The Lucknow coaching centre fire is not just a local tragedy. It is a warning for cities across India where coaching hubs, training studios, and private libraries are operating inside crowded commercial buildings. In many places, such centres function in converted office spaces, market buildings, or upper floors with limited ventilation and poor evacuation design. Students often do not know where the emergency exits are, and many institutes do not conduct even a single fire drill.

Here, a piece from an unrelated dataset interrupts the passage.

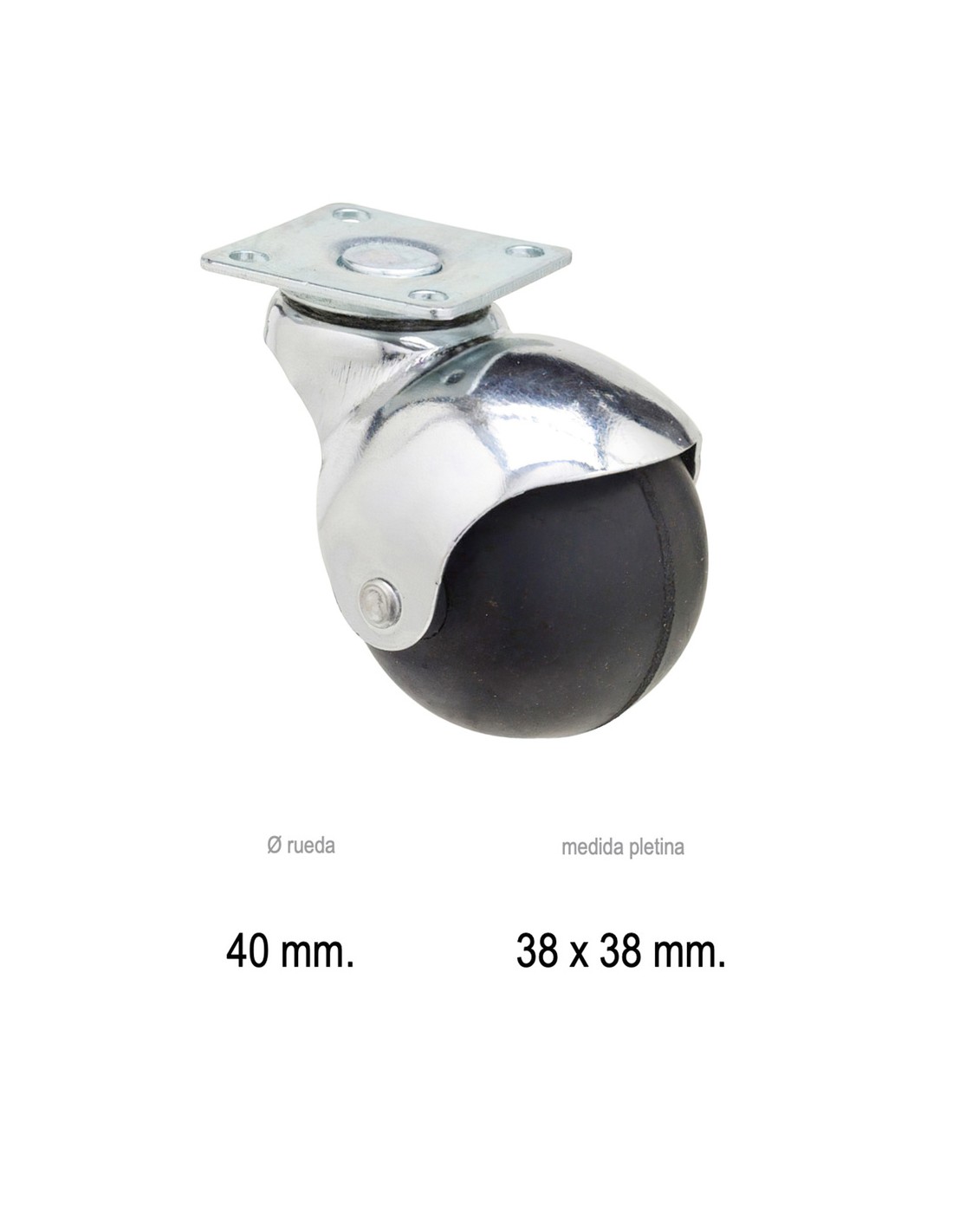 Rueda Domestica Goma Negra Esfera Placa 40 mm.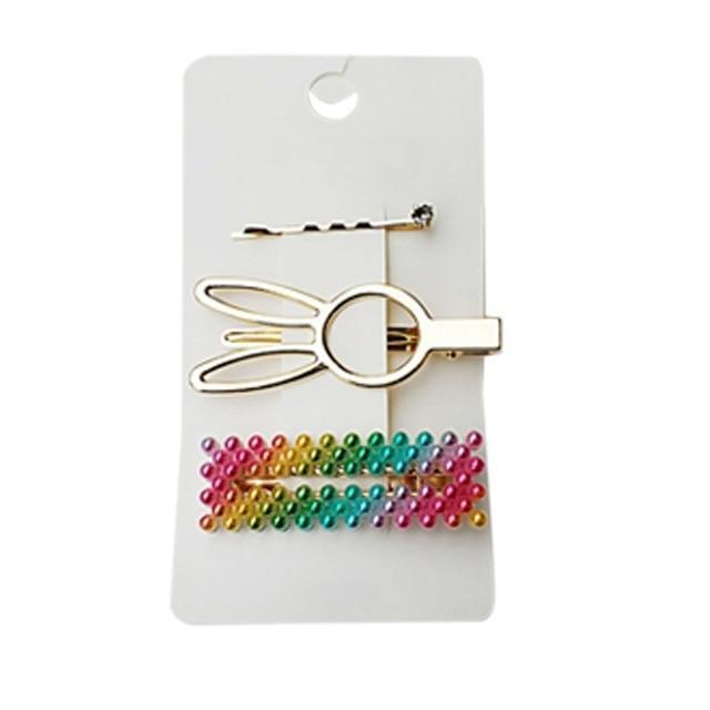 Conjunto 3 Grampos de Cabelo Metal e Pérolas

That has to change. Every coaching centre and private training institute should face regular fire safety audits, not just paper checks. Building owners should be required to show that staircases are clear, alarms work, extinguishers are present, electrical systems are safe, and occupancy limits are being followed. Parents and students should also have the right to know whether a centre has valid fire clearance before enrolling.

What Must Happen Now

The most important test will come after the headlines fade. If the Aliganj fire leads only to compensation, condolences, and a short burst of anger, then the system will learn nothing. Uttar Pradesh needs a statewide review of coaching centres, animation institutes, libraries, and similar study spaces operating in mixed-use buildings. Unsafe premises should be shut until they meet proper safety norms. Fire drills should be made mandatory. Renewal of licences should depend on physical inspections, not just paperwork. Officials who approved unsafe structures or ignored violations should face accountability along with owners and operators.

There is also a wider urban planning lesson here. Indian cities are expanding fast, but safety systems are not keeping pace. Buildings are modified floor by floor, tenant by tenant, without enough attention to evacuation, electrical load, or emergency access. That approach is dangerous, especially in places where large numbers of students gather every day.